PROMPT
Every line of the listing below from the one with "Graduation invitation features" up to and including the one with "- Địa điểm làm việc : Tỉnh MIYAGI" should be retyped exactly, and nothing else; pictures are not part of the copy.

DATA SUPPLIED
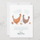 This cute and trendy baby shower thank you card design features a chicken illustration, with a matching blue farm pattern on the back, with flowers, chicks, and eggs. The thank you card can be personalized with the parent's (or child's) names. The perfect gender neutral farm themed addition to your co-ed couples baby shower.
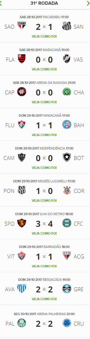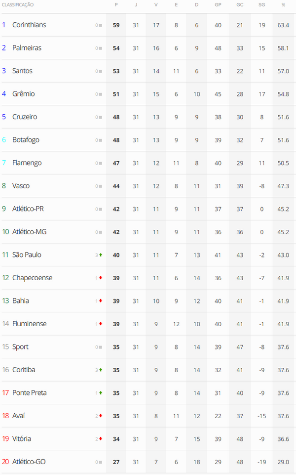 Terminada a 31ª rodada do Brasileiro, o Vasco, que empatou com o Flamengo por 0 a 0, segue na 8ª posição na tabela.
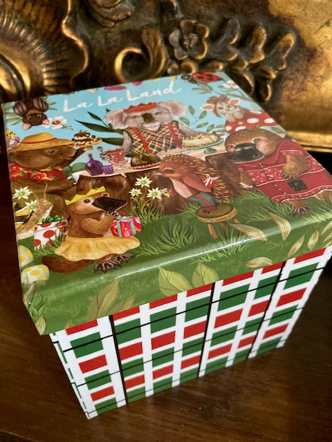 Fun Aussie Christmas bauble featuring a koala, possum, koala, wombat and more. Shiny paper mache with large red velvet bow. Gift Boxed. Light weight for over seas postage. Dimension: 12cm
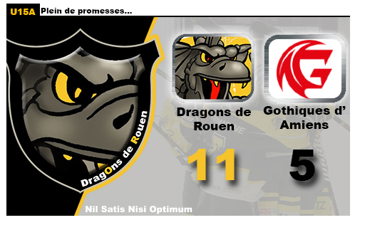 Du dernier entre les deux formations, il ne sera quasiment question que de rouge et de noir même si d'entrée de jeu, Tim Aubry ajoutait un onzième but dans l'escarcelle des Dragons (43'00) Le dernier pour le clan jaune mais certainement par le dernier de la partie puisque trente secondes plus tard, Hugo Godreuil mettait à nouveau un grain de sable dans l'engrenage de la machine rouennaise (43'30). Et du sable, il y en aura dans la mécanique jaune et noir jusqu'à l'heure bien huilée. Moins mobilisés, les rouennais donnaient à manger à des amiénois qui retrouvaient de l'appétit. Au troisième but amiénois succédait un quatrième pour Nathan Vasseur (49'46) puis un cinquième pour Hugo Godreuil (52'08) Trois buts en dix minutes et un retour à 11-5 pour les amiénois. Certes, les Dragons n'avaient que peu à craindre de ce retour en grâce mais il n'en restait pas moins que l'épisode grisait un soupçon la belle partition jouée jusqu'alors. Pour autant, c'est 16ème match sans défaite de suite face aux Gothiques que les Rouennais iront chercher avec ce score de 11 buts à 5. Plutôt satisfaisant pour le clan Dragon.
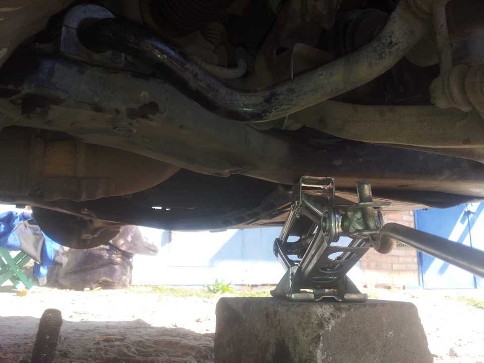 Прежде чем начинать ремонт стойки амортизатора своими руками, первым делом необходимо установить автомобиль на страховочные козлы. В случае, когда есть яма, конечно, будет удобнее воспользоваться ею. В данном случае приведен ремонт стоек амортизаторов при отсутствии специальной ямы.
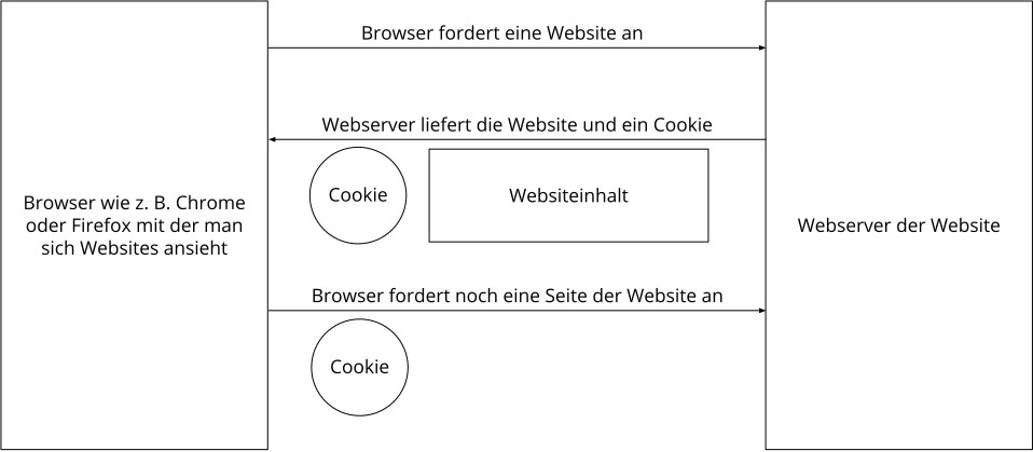 Die folgende Grafik zeigt eine mögliche Interaktion zwischen einem Webbrowser wie z. B. Chrome und dem Webserver. Dabei fordert der Webbrowser eine Website an und erhält vom Server ein Cookie zurück, welches der Browser erneut verwendet, sobald eine andere Seite angefordert wird.
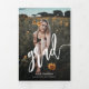 Graduation invitation features 6 photo (3 vertical and 3 horizontal) and a beautiful brush script. Inside personalise your announcement graduation message or write a party invitation.
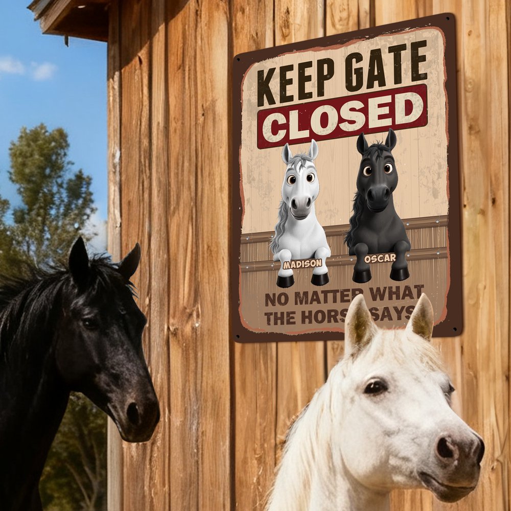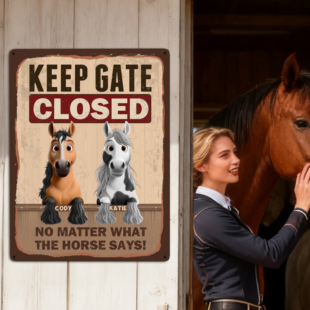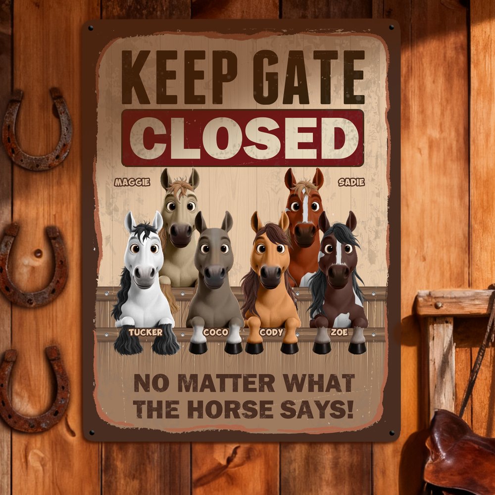 This vintage-style horse tin sign features a customizable 1-6 cartoon horse design each with a unique, playful appearance paired with names. It blends a weathered wood-texture background, the humorous slogan “KEEP GATE CLOSED / NO MATTER WHAT THE HORSE SAYS!” and vibrant, kid-friendly horse illustrations—turning a functional sign into a personalised, whimsical farm decor piece.
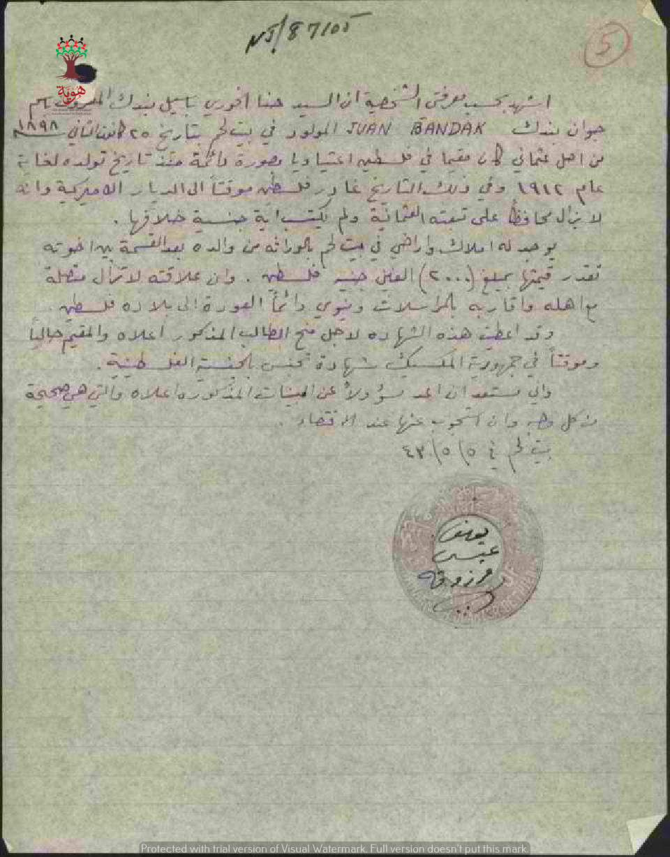 شهادة من المختار يوسف عيسى مرزوقة للسيد حنا البندك بخصوص طلب الجنسية/ بيت لحم
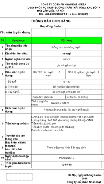 - Địa điểm làm việc : Tỉnh MIYAGI
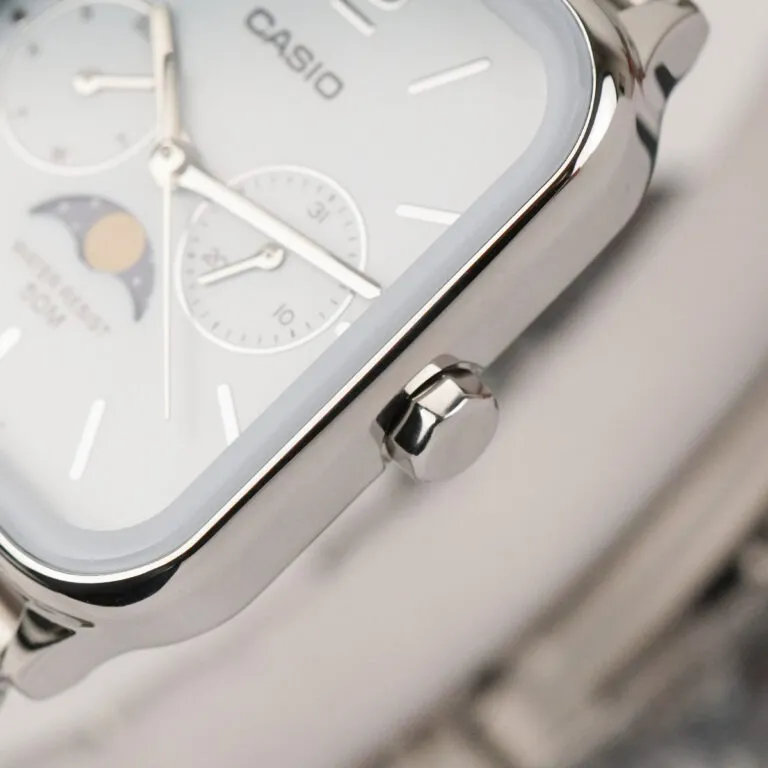 Nếu mặt vuông mang lại hơi thở hiện đại, thì ô cửa sổ Moon Phase (lịch tuần trăng) lại là nơi lưu giữ nét cổ điển đầy lãng mạn cho Đồng Hồ Casio Nam MTP-M305D-2AVDF. Tại góc 6 giờ, hình ảnh mặt trăng vàng rực và những vì sao nhỏ xinh sẽ thay đổi hình dạng theo từng ngày trong tháng, mô phỏng chính xác chu kỳ trăng khuyết ngoài vũ trụ.

ANSWER SPACE
 Graduation invitation features 6 photo (3 vertical and 3 horizontal) and a beautiful brush script. Inside personalise your announcement graduation message or write a party invitation.
 This vintage-style horse tin sign features a customizable 1-6 cartoon horse design each with a unique, playful appearance paired with names. It blends a weathered wood-texture background, the humorous slogan “KEEP GATE CLOSED / NO MATTER WHAT THE HORSE SAYS!” and vibrant, kid-friendly horse illustrations—turning a functional sign into a personalised, whimsical farm decor piece.
 شهادة من المختار يوسف عيسى مرزوقة للسيد حنا البندك بخصوص طلب الجنسية/ بيت لحم
 - Địa điểm làm việc : Tỉnh MIYAGI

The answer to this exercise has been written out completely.